● What the task requires
Below, find the line containing "Sir John Vanbrugh" and the line containing "There does not"; reproduce exactly those two and every line between them, omitting pictures.

++++++++

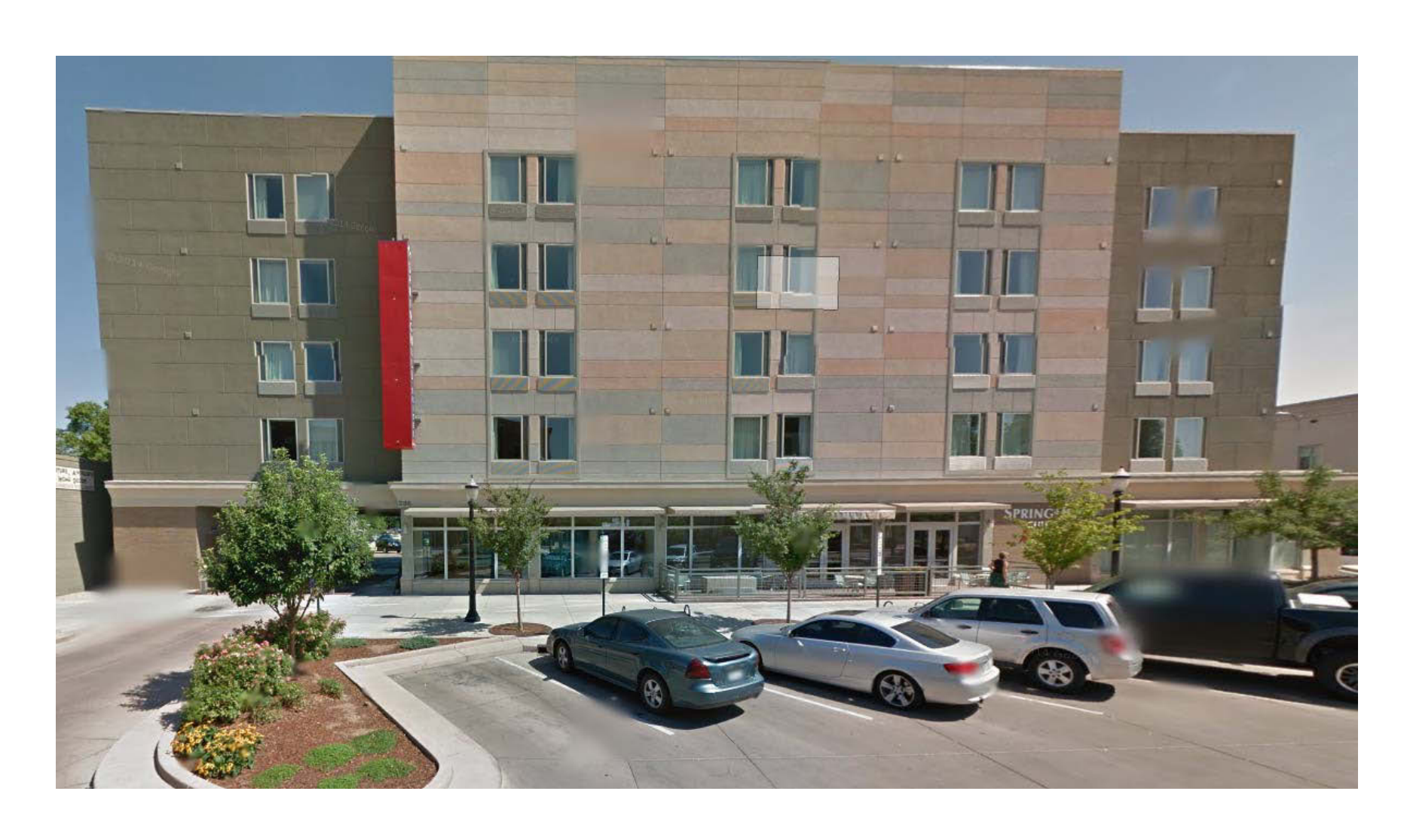
236 Main Street Current Google Street View Supplement July 2012
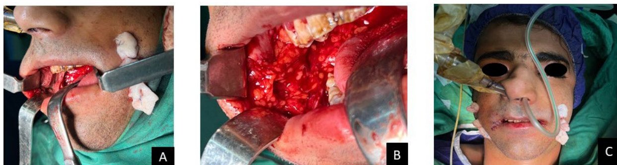
Figure 2: A: Harvesting of buccal fat pad; B: BFP sutured intraorally over the defect C: After the surgery with NG tube
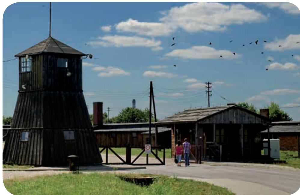
Majdanek State Museum
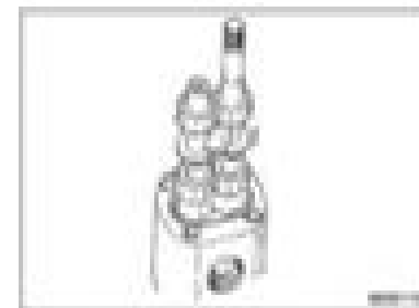
Premium pump configuration
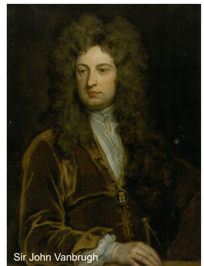
Sir John Vanbrugh

Many of the fireplaces that still exist in the mansion today were moved from Vanbrugh's original house.
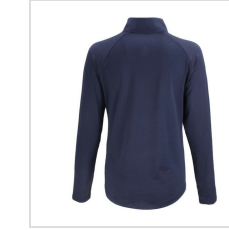
Navy Blue (LCK00210-NVBU)
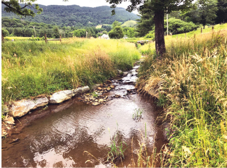
Linville Creek stream restoration project after instream construction and planting the riparian buffer.
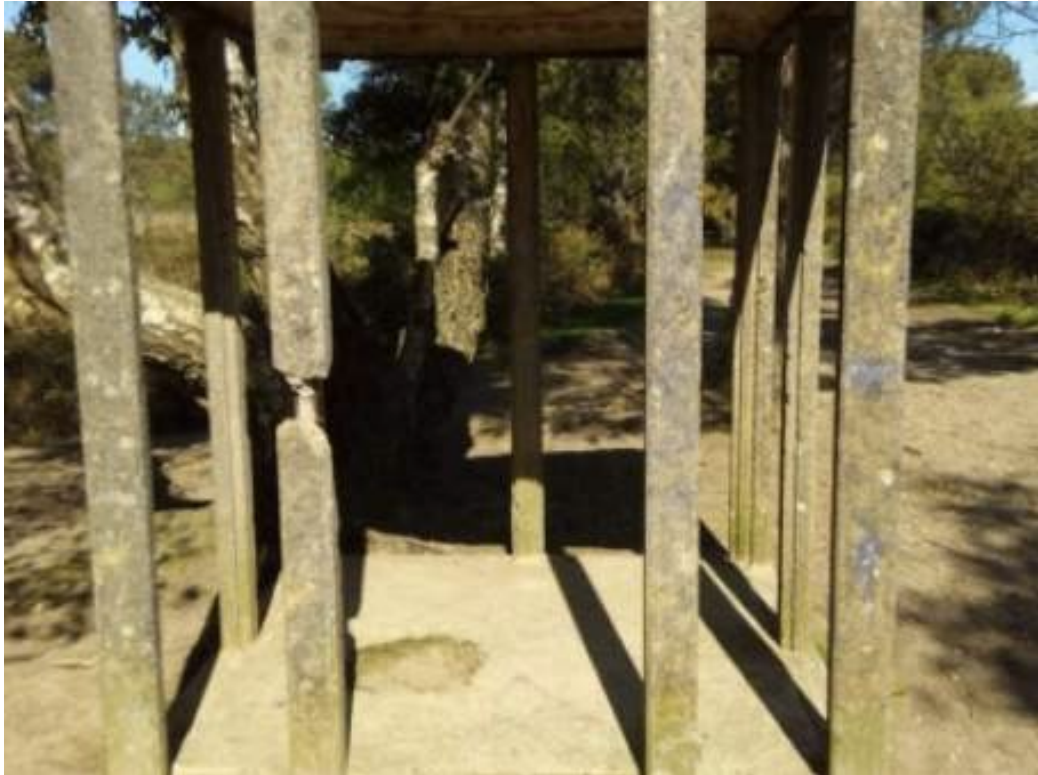
Figure 3: A concrete structure found at Upton heath.

There does not seem to be much damage caused by trampling to the features, only one structure (possible Bronze Age barrow) recorded any presence of tracks. These tracks resulted from people, wild animals and domesticated animals, as the barrow was in close proximity to a path (5 meters).
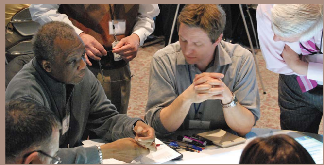
CIM 2040 scenario planning workshops.

To help remove barriers to attendance, COMPASS offered reimbursement for childcare costs, language translation and Spanish-speaking facilitators, and transportation assistance to participants.
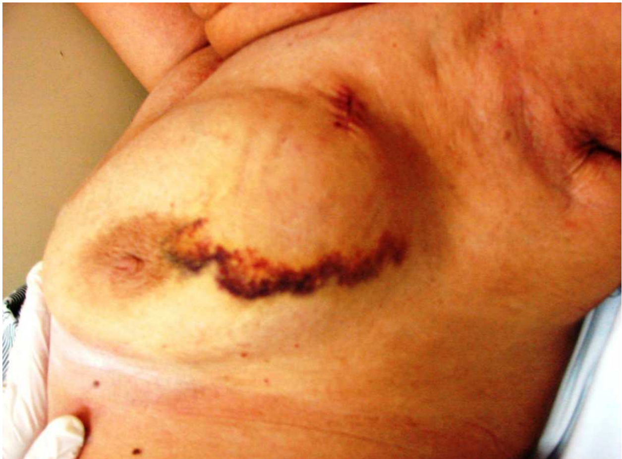
Photo 1. Skin mapped as a lymphatic duct in direction to the axilla

During the management of two patients submitted to breast biopsy in our service, we observed their skin mapped as the lymphatic ducts draining to axillary lymph nodes (Photo 1).
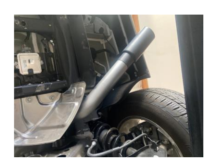
5. Finally, over axle pipe #C can be installed using the Band Clamp #D. Install the Tip to help set the over axle pipe height. (Tighten all clamps working from front to back.)

++++++++

● Answer section
Sir John Vanbrugh

Many of the fireplaces that still exist in the mansion today were moved from Vanbrugh's original house.
Navy Blue (LCK00210-NVBU)
Linville Creek stream restoration project after instream construction and planting the riparian buffer.
Figure 3: A concrete structure found at Upton heath.

There does not seem to be much damage caused by trampling to the features, only one structure (possible Bronze Age barrow) recorded any presence of tracks. These tracks resulted from people, wild animals and domesticated animals, as the barrow was in close proximity to a path (5 meters).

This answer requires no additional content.